## Task to carry out
Using the records below, write out again exactly the lines that begin at the line containing "44 Vintage Christmas" and end at the line containing "Vintage Womens Vest", and no other lines.
Information supplied START
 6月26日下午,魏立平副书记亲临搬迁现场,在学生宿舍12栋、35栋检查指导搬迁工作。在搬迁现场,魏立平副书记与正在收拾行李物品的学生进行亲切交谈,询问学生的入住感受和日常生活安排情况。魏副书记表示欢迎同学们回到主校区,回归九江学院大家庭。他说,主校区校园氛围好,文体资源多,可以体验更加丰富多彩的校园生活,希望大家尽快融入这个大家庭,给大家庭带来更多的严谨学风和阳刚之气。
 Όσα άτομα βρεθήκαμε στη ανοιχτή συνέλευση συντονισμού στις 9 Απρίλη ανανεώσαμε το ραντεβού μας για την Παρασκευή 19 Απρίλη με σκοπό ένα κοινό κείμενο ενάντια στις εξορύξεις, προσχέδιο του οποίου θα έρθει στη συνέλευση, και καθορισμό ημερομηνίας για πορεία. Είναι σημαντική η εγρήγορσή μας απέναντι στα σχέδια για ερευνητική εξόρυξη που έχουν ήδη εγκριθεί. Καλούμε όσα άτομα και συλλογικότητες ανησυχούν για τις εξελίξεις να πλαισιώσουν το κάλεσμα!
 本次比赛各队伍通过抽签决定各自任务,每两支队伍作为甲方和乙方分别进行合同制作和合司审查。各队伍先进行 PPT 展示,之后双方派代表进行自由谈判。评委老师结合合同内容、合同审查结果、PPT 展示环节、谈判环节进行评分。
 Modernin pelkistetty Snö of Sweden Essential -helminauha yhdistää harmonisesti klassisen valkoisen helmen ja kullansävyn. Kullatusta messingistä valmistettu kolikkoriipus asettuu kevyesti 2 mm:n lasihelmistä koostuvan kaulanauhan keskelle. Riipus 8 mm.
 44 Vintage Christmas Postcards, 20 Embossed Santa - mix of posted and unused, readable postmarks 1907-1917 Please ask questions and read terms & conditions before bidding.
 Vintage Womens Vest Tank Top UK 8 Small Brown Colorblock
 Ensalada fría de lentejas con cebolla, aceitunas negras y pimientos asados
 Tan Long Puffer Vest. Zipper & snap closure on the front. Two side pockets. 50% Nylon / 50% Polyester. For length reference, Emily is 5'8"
Information supplied END
Information supplied START
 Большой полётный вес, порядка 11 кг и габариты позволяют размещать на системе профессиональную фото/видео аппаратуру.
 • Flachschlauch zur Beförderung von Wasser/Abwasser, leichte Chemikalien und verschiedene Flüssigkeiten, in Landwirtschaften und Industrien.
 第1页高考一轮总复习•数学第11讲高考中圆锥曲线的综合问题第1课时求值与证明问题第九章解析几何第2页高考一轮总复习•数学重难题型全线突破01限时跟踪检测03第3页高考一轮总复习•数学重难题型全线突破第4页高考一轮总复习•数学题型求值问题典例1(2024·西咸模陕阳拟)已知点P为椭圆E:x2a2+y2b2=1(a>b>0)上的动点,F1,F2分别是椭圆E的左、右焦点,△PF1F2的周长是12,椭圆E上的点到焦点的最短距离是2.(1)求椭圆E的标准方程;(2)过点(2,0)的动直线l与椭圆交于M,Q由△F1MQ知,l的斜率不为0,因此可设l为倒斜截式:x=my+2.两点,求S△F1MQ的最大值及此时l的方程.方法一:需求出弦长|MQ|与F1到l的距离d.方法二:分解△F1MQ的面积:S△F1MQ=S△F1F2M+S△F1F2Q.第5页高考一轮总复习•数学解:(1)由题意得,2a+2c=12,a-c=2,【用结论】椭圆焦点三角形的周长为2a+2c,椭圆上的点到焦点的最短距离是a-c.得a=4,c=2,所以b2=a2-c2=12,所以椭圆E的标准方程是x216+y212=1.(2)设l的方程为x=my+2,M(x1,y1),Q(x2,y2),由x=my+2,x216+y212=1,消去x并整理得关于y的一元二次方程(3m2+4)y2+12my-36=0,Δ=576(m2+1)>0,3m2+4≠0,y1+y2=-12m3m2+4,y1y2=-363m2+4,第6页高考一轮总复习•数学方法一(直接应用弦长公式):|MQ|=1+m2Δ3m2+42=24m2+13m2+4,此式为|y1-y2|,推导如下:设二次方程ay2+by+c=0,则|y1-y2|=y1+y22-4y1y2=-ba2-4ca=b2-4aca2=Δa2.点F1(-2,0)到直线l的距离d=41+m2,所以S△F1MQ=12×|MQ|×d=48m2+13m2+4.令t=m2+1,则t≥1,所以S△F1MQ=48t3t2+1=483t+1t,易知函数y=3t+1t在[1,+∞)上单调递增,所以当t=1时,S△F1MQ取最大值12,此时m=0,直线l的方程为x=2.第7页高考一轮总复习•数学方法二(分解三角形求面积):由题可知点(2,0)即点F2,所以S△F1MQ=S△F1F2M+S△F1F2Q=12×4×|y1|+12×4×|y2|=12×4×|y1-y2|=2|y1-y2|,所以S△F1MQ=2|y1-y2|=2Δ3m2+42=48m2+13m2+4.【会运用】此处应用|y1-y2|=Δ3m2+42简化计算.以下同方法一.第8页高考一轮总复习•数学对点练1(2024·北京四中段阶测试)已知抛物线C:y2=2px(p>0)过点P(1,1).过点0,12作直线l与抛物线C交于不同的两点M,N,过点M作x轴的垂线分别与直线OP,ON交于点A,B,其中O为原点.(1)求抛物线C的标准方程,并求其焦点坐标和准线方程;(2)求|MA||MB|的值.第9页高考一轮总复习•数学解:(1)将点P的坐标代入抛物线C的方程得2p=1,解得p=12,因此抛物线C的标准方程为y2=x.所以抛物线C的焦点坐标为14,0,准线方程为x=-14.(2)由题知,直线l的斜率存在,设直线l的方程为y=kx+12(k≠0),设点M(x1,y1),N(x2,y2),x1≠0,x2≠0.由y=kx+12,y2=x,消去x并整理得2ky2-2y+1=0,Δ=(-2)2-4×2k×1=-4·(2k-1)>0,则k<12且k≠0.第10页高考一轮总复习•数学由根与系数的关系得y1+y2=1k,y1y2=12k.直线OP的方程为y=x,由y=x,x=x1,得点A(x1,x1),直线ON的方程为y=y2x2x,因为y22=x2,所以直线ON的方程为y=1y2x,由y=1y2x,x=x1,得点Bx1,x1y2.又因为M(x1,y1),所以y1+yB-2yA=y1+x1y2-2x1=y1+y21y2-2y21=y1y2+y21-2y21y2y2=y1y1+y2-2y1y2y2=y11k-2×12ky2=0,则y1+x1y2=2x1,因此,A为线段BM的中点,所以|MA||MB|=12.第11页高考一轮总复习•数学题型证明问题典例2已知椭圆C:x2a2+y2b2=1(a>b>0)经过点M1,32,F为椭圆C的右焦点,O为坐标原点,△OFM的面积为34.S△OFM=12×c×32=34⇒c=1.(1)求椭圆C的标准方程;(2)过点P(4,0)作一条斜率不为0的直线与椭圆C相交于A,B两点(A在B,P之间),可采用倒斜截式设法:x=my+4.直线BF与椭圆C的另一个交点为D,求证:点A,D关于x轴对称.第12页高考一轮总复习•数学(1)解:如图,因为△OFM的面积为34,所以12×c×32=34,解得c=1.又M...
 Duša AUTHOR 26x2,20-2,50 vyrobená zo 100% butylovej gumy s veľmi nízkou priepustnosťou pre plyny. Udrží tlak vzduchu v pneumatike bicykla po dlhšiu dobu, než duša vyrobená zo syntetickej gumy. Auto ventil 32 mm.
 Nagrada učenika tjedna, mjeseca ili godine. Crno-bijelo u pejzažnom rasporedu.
Information supplied END
## Reply to the task
 44 Vintage Christmas Postcards, 20 Embossed Santa - mix of posted and unused, readable postmarks 1907-1917 Please ask questions and read terms & conditions before bidding.
 Vintage Womens Vest Tank Top UK 8 Small Brown Colorblock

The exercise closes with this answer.